____ Recorded data

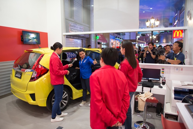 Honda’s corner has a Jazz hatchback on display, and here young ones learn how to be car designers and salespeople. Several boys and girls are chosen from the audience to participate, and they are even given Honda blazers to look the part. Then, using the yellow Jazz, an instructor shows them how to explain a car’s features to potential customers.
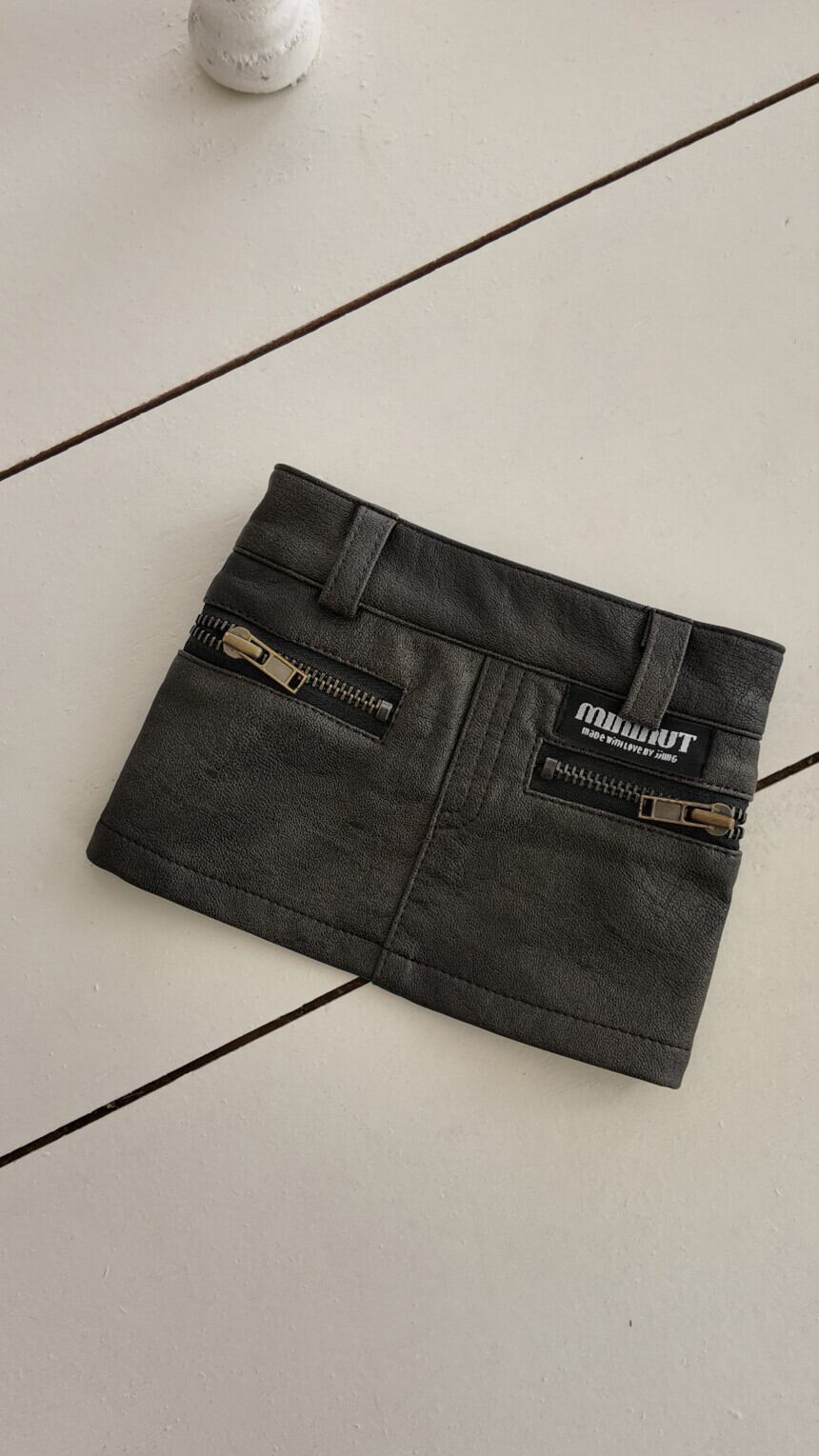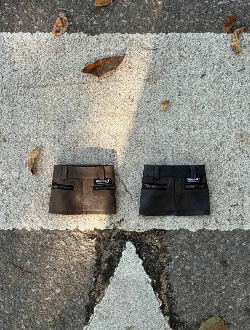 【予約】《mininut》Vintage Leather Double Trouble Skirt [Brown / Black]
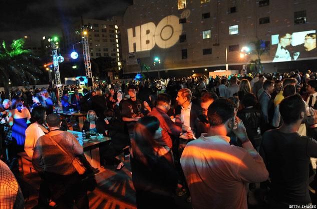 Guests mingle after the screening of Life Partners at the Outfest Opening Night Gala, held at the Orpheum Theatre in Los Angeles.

________

*What the exercise asks*: Word for word, reproduce all of the data, but keep out the pictures.

*Written response*:
 Honda’s corner has a Jazz hatchback on display, and here young ones learn how to be car designers and salespeople. Several boys and girls are chosen from the audience to participate, and they are even given Honda blazers to look the part. Then, using the yellow Jazz, an instructor shows them how to explain a car’s features to potential customers.
 【予約】《mininut》Vintage Leather Double Trouble Skirt [Brown / Black]
 Guests mingle after the screening of Life Partners at the Outfest Opening Night Gala, held at the Orpheum Theatre in Los Angeles.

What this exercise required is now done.